Тут перед нами возникла новая, еще более ужасная проблема. Я уже писал о том, что из-за страха и неловкости Джоба доска, по которой мы перешли от большой каменной шпоры к шатающейся плите, соскользнула в бездонную пропасть.

Как же перебраться через этот провал без доски?

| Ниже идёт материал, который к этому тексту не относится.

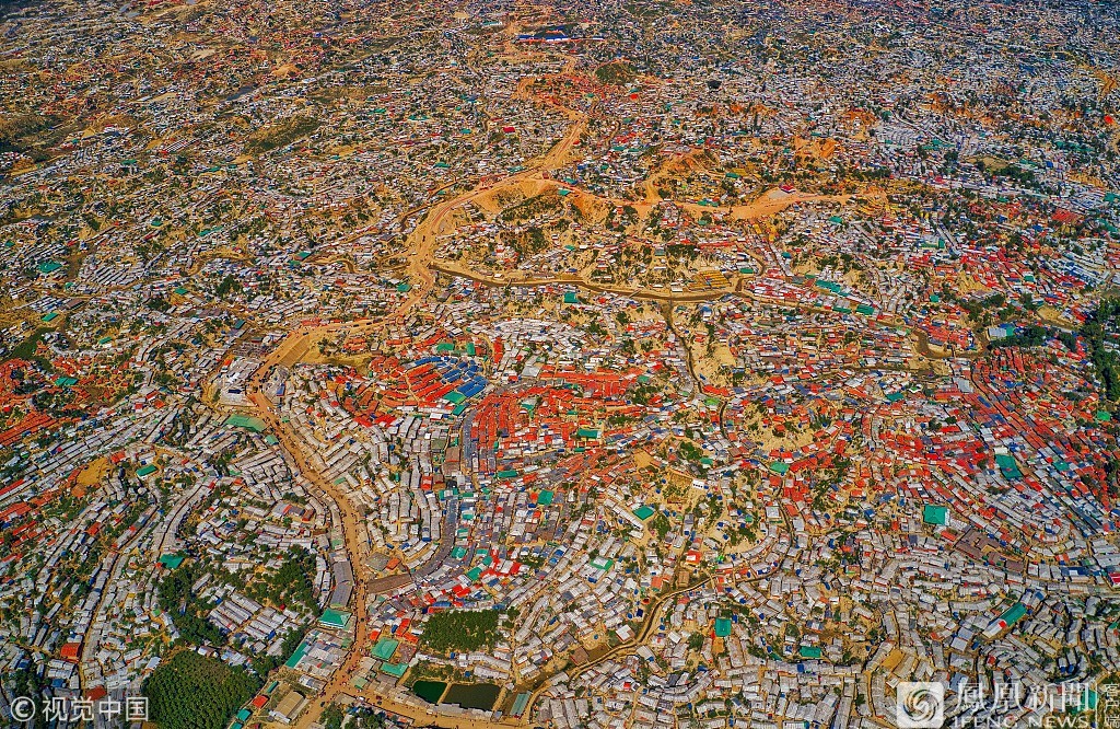 12月21日报道,具体拍摄时间不详,孟加拉国科克斯巴扎尔,业余摄影师Azim Khan Ronnie航拍Kutupalong难民营。这里有成千上万的临时住所,绵延数英里的红、绿、白三色房屋,容纳着100多万逃离暴力的难民,堪称世界上最大的难民营。来源:视觉中国
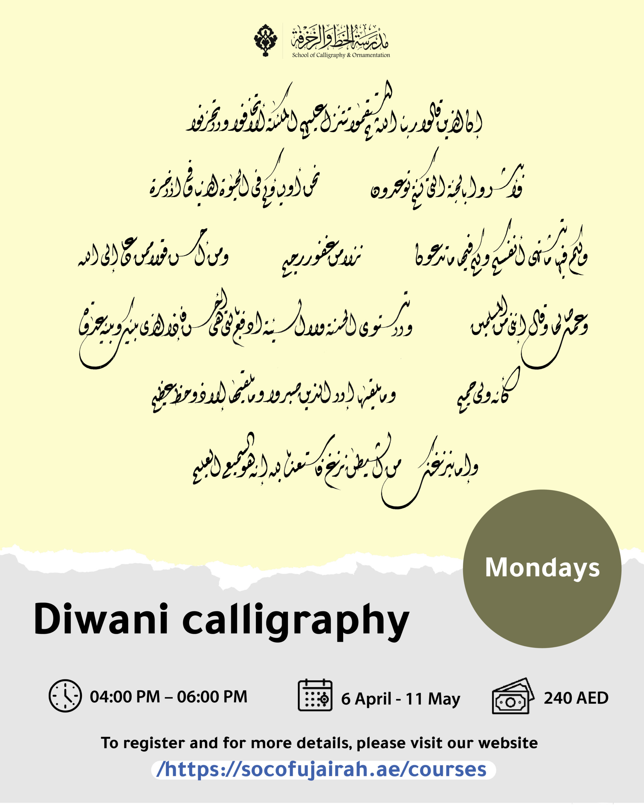 This course aims to help participants build a strong foundation in the art of Diwani calligraphy and understand the aesthetic and geometric principles behind this style of Arabic calligraphy.
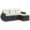 Salon de jardin 4 pcs avec coussins noir résine tresséeCet ensemble de canapés de jardin est le complément parfait de votre arrière-cour, terrasse ou patio, offrant un espace confortable et accueillant pour discuter avec la famille et les amis ou simplement se détendre et profiter de l'extérieur. Matériau durable : la résine tressée, également connue sous le nom de poly rotin, est un matériau synthétique solide et nécessitant peu d'entretien qui ressemble au rotin naturel. Elle est légère, facile à nettoyer et couramment utilisée pour les meubles d'extérieur en raison de sa durabilité et de ses propriétés de résistance aux intempéries.Fonction de rangement avec sac résistant à l'eau : le mobilier de jardin dispose d'un espace de rangement sous l'assise, complété par un sac résistant à l'eau pour ranger coussins, jouets et autres objets. Le sac intérieur peut être solidement fixé au mobilier d'extérieur grâce à des attaches auto-agrippantes pour plus de stabilité.Pouf polyvalent : le tabouret est polyvalent, servant de repose-pieds confortable lorsque vous vous prélassez sur le canapé ou de siège supplémentaire dans votre jardin.Housse amovible et lavable : ces coussins de siège sont dotés de housses amovibles pour un lavage et un entretien faciles.Conception modulaire : cet ensemble de meubles d'extérieur a une conception modulaire, ce qui le rend complètement flexible et facile à déplacer, afin que vous puissiez créer un agencement de meubles d'extérieur personnalisé. Bon à savoir :Pour que vos meubles d'extérieur restent beaux, nous vous recommandons de les protéger avec une housse imperméable.

Ответ был только один - или мы перепрыгнем через него или умрем с голода там, где находимся. Ширина была не такая уж большая, примерно одиннадцать-двенадцать футов, а Лео, когда учился в колледже, прыгал и на все двадцать, но надо учесть наше состояние. Два совершенно измотанных человека, одному из которых уже за сорок, а прыгать надо с неустойчивой плиты на дрожащую оконечность каменного выступа, при сильных порывах ветра. Условия для прыжка были, что и говорить, очень нелегкие, но когда я хотел обсудить это с Лео, он оборвал меня, коротко ответив, что мы должны выбирать между неминуемой длительной агонией в пещере и возможной быстрой гибелью в воздухе, третьего не дано. Возражать против этого я не мог, ясно было только, что прыгать в темноте невозможно: надо дожидаться солнечного луча, который проникает в бездну на закате. Никто из нас не имел ни малейшего понятия, долго ли ждать до заката, мы только знали, что через пару минут после своего появления луч исчезает, мы должны быть наготове. Поэтому мы решили взобраться на шаткую каменную плиту и лежа дожидаться света. Это решение далось нам тем легче, что один из наших светильников уже погас, второй горел неровным, мерцающим светом, как бывает, когда масло на исходе. Мы кое-как выбрались из пещеры и вскарабкались на плиту.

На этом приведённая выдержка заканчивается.